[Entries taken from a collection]

------------------------------

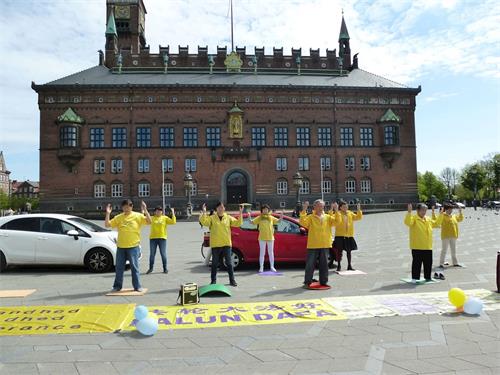 ![]() 图1:丹麦部份大法弟子在首都市政厅广场庆祝世界法轮大法日,暨恭祝师尊华诞 |
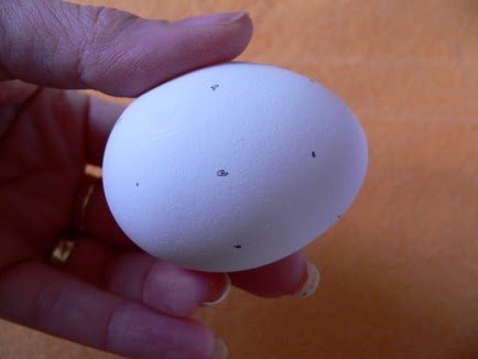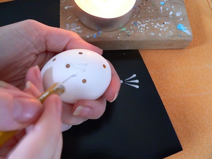 Если боитесь, что не нанесете правильно линии, можно рисунок наносить точками. Если яйца были темные и не отбелились в отбеливателе, ничего страшного, нанесение белого орнамента выглядит на коричневых яйцах не хуже, чем на белых.
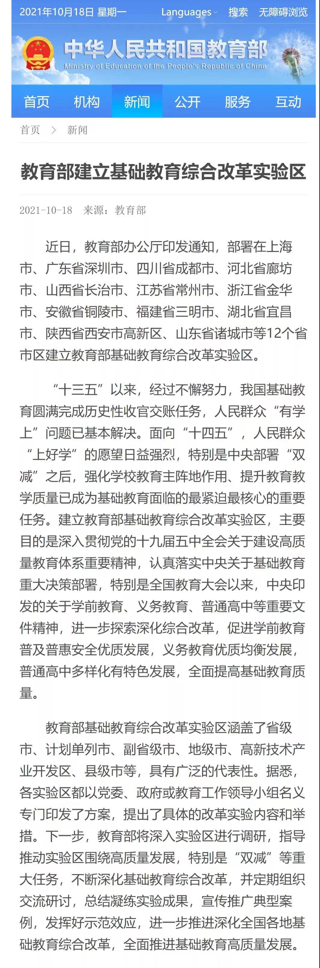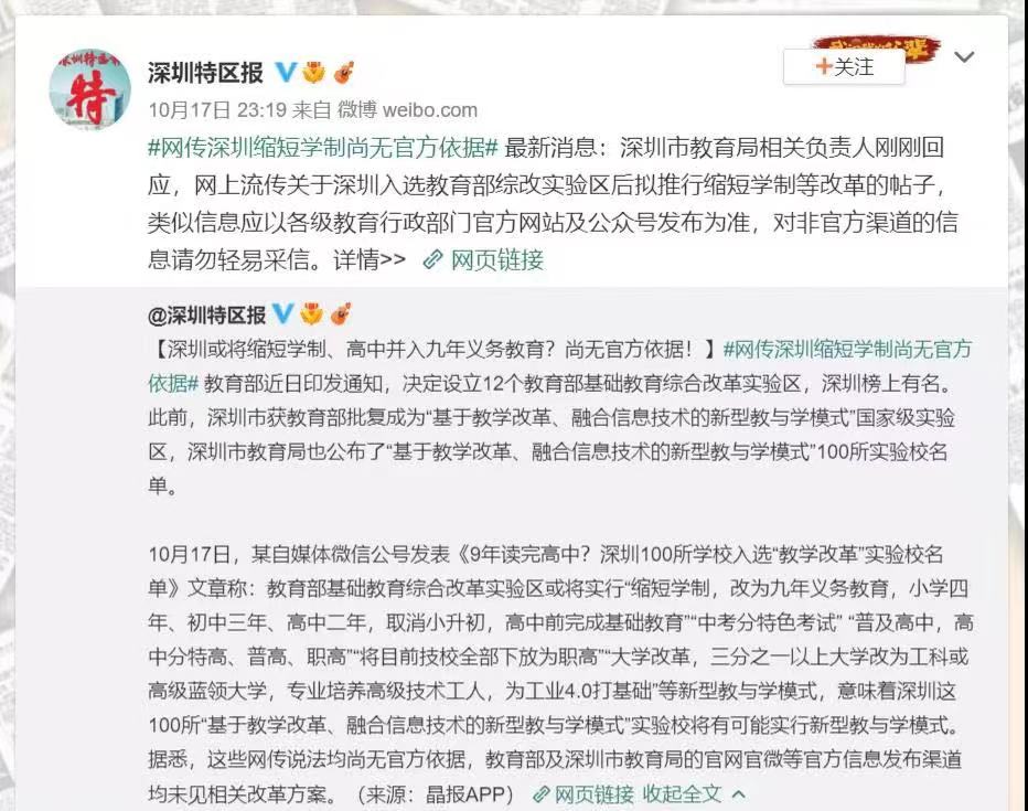 10月17日,某自媒体微信公号发表文章称:教育部基础教育综合改革实验区或将实行“缩短学制”。深圳市教育局相关负责人回应,网上流传关于深圳入选教育部综改实验区后拟推行缩短学制等改革的帖子,类似信息应以各级教育行政部门官方网站及公众号发布为准,对非官方渠道的信息请勿轻易采信。(深圳特区报微博) 成都市教育局辟谣实验区将缩短学制
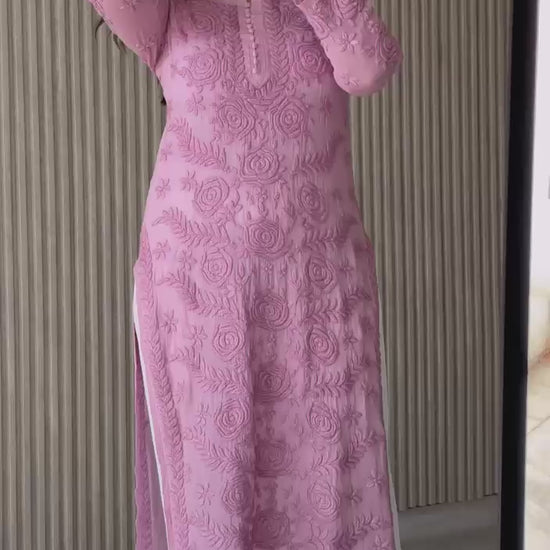 Lucknowi Chikankari Premium Article Beautiful Designer Full Front Jaal Rose Work. (Anchor 3D)Viscose Kurti With Rayon Pintex Plazo set waist size free upto 48 inches .
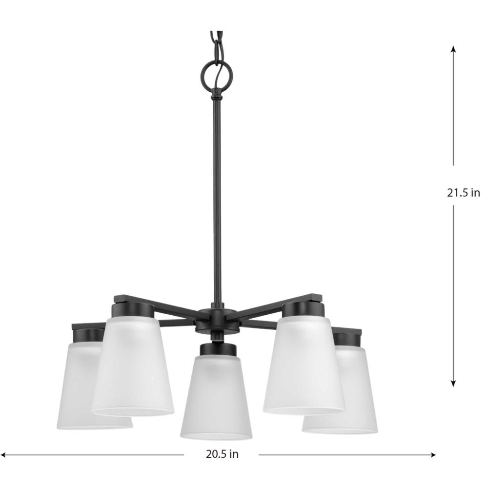 Fill your house with the lively Tanner family of fixtures. Strong lines accent the Matte Black frame in a simple balance of form and function, while soft etched glass shades complement the design. The hanging height is easily customized for your space with the included chain.

------------------------------

■ **What needs to be done**: Omitting all pictures, retype exactly the lines from the line containing "Lucknowi Chikankari Premium" down to the last line above, both ends included.

■ **Response to the task**:
 Lucknowi Chikankari Premium Article Beautiful Designer Full Front Jaal Rose Work. (Anchor 3D)Viscose Kurti With Rayon Pintex Plazo set waist size free upto 48 inches .
 Fill your house with the lively Tanner family of fixtures. Strong lines accent the Matte Black frame in a simple balance of form and function, while soft etched glass shades complement the design. The hanging height is easily customized for your space with the included chain.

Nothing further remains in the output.